• _AIM OF THE TASK_:
Where a line of the entries holds the string "perros", copy that line.

• _DATA PROVIDED_:
....

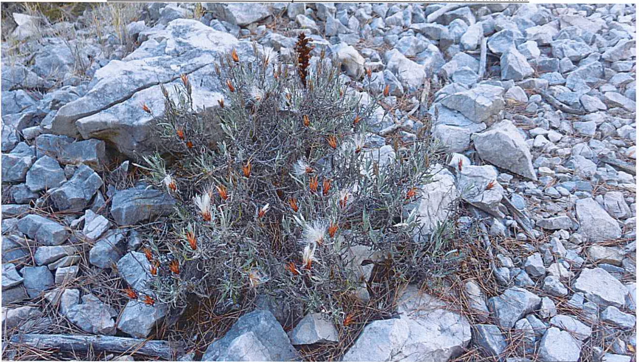
Staehelinae dubia, espèce locale plante hôte de l'Orobanche staehelinae (espèce endémique du parc national des Calanques)
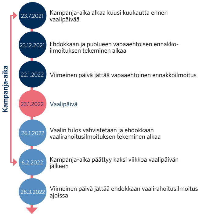
Kuvio 1: Aluevaalit 2022 aikajanalla.

Tarkastusviraston on pidettävä aluevaaleja koskevat tiedot saatavilla yleisessä tietoverkossa viiden vuoden ajan vaalien tuloksen vahvistamisesta. Kaikki aluevaalien vaalirahoitusilmoitukset ja ennakkoilmoitukset (ks. luku 3.1) pidetään verkkosivuilla yleisön saatavilla 26.1.2027 saakka.
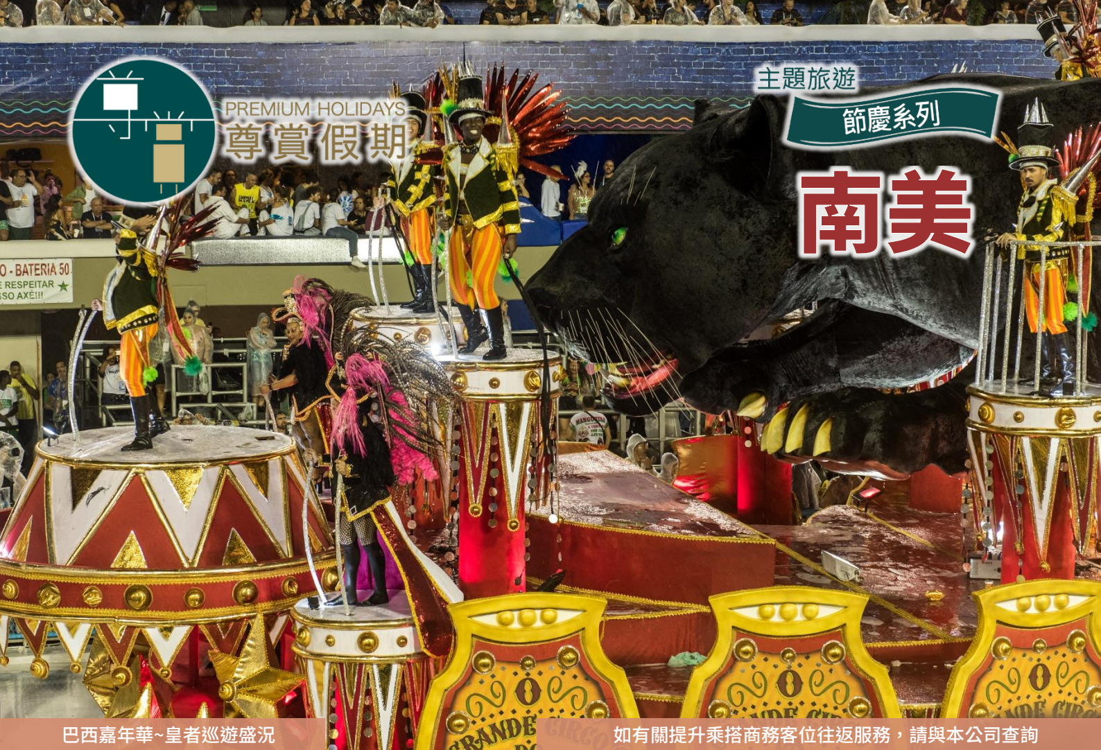
巴西嘉年華~皇者巡遊盛況
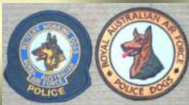
Insignia de la unidad australiana encargada de los perros

Poco antes de llegar a la meta, cuando los hombres ya se preparaban, los perros movían nerviosamente las colas, ladran y saltan sobre su guía; de vez en cuando un perro gruñe con su pelo erizado, pero apenas disminuye la velocidad del avión, para permitir el salto- cosa que se puede percibir, por el ruido de los motores, los perros entienden que ha llegado el momento de cumplir con su deber, y se ponen junto a su guía; luego un breve llamado y ambos se precipitan al vacío. A los perros que se resisten, se les presta una pequeña ayuda.

....

• _SOLUTION TO THIS EXERCISE_:
Insignia de la unidad australiana encargada de los perros
Poco antes de llegar a la meta, cuando los hombres ya se preparaban, los perros movían nerviosamente las colas, ladran y saltan sobre su guía; de vez en cuando un perro gruñe con su pelo erizado, pero apenas disminuye la velocidad del avión, para permitir el salto- cosa que se puede percibir, por el ruido de los motores, los perros entienden que ha llegado el momento de cumplir con su deber, y se ponen junto a su guía; luego un breve llamado y ambos se precipitan al vacío. A los perros que se resisten, se les presta una pequeña ayuda.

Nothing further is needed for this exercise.